You wouldn’t say the second-generation coupe offers a night-and-day contrast to the driving experience in the 3 Series. But at the point where its sedan sibling slowly but surely pulls down the curtain, the 4 Series continues to sing a little while longer.

Since these dynamic gains have not only been achieved by dialing up the firmness of the suspension, a slice of the additional potential on offer is only revealed to the driver at very high cornering speeds. Where some cars use exaggerated hardness to create an impression of sportiness, the BMW 4 Series always retains the good manners of a 3 Series.

Lift-related dampers mean it doesn’t even need adaptive suspension to pull off the trick. And although the four-cylinder turbo engine pulls hard from middling revs, if not before, the new 430i suffers practically no traction issues. Credit here to the optional locking differential.

The Ultimate M Performance Model – BMW M440i

Swapping over to the BMW M440i, we realize there was a whole lot more sharpness still to be uncovered in the 4 Series experience. The flagship model in the new 4 Series range – for the time being at least – is not only fitted with the fundamentally rear-biased but still fully-variable all-wheel-drive system xDrive, it will also be the first petrol BMW to feature a 48V vehicle power supply when it is launched at the end of the year.

As a result, it is considerably heavier than the 430i, the extra weight accounted for by the larger engine, additional drive technology for the front wheels and just over 30 kg of bits and pieces for the 48V system.

With this supplementary cargo in mind, it would be reasonable to expect a perceptible drop-off in agility. And yet this is only something you might notice if you hopped straight into the M440i from the 430i; taken in isolation, the BMW M440i undoubtedly delivers the necessary fireworks.

The all-wheel-drive set-up familiar from the M340i has the feeling of traction-rich rear-wheel drive a – with Sport Plus mode and the DTC system’s Traction mode engaged. In a car with a lower centre of gravity and markedly stiffer body, it is an even more impressive to experience that rear-biased feeling.

You could never accuse the B58 six-cylinder in-line engine of suffering any real turbo lag, but some have still sought to find evidence for the prosecution. Well, thanks to the permanently available power of the 48V starter-generator, they’ll keep on searching.

It all adds up to a driving experience that blends the qualities of a sports car with those of a classical GT – to a compelling effect. Depending on your mood or the driving mode engaged, the 2021 BMW 4 Series will either encourage you to hustle it from corner to corner, or invite you to soak up the miles in unshakeable comfort.

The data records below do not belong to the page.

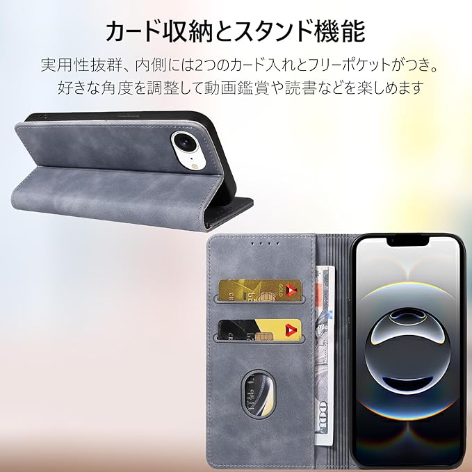 【カード収納とスタンド機能】アイフォン16e カバー動画視聴に便利なスタンド機能が付き、横向いて斜めに立てて、お好きな角度を調整でき、両手が解放され、お気軽に読書やビデオの観賞を楽しむことができます。内側には2つのカード入れとフリーポケットがつき、名刺や定期券の収納に優れているアイフォン 16eケースです
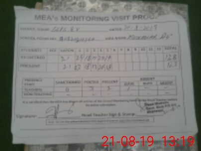 | Attendance Register | Head Teacher | MEA with School | Visit Proof |
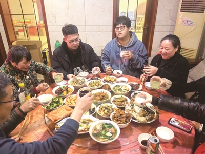 下午5点半,20个菜已经端上了除夕的年夜饭桌,“海陆空”全齐了。小王告诉记者,可惜帝王蟹和东星斑没有上饭桌,被小王爸爸换了大闸蟹和大黄鱼,说是初一有上海客人到来,留给他们。

Viewed in these terms, the new 2021 BMW 4 Series Coupe has even more to offer than a good scalpel. After all, the sharpness of the latter starts to noticeably wane after just a few cuts and it requires a new blade.

For those still interested most in the car’s design, the wait is almost over: the marketing people in Munich are poised to pull back the covers on the 3 Series’ sporty spin-off in early Summer, ahead of its market launch in the fourth quarter of the year.